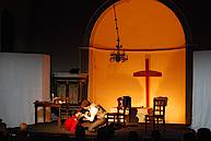 Die Leiterin der Schauspielgruppe, Heidi Walier, hat das Stück so geschickt gekürzt, dass sie mit sechs Darstellern auskam, ohne die Struktur erheblich zu verändern.
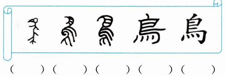 二、选择“鸟”字演变过程的对应字体,把序号写在括号里。
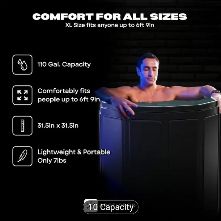 Experience unparalleled comfort with our spacious ice bath, expertly crafted for ultimate relaxation and recovery after your workouts, all from the convenience of home.
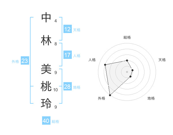 中林 美桃玲さんを姓名の画数から五運を鑑定

WORK REQUEST ::
With pictures left out, transcribe each line from the one containing "Experience unparalleled comfort" through the end of the data, both ends included.

OUTPUT BELOW ::
 Experience unparalleled comfort with our spacious ice bath, expertly crafted for ultimate relaxation and recovery after your workouts, all from the convenience of home.
 中林 美桃玲さんを姓名の画数から五運を鑑定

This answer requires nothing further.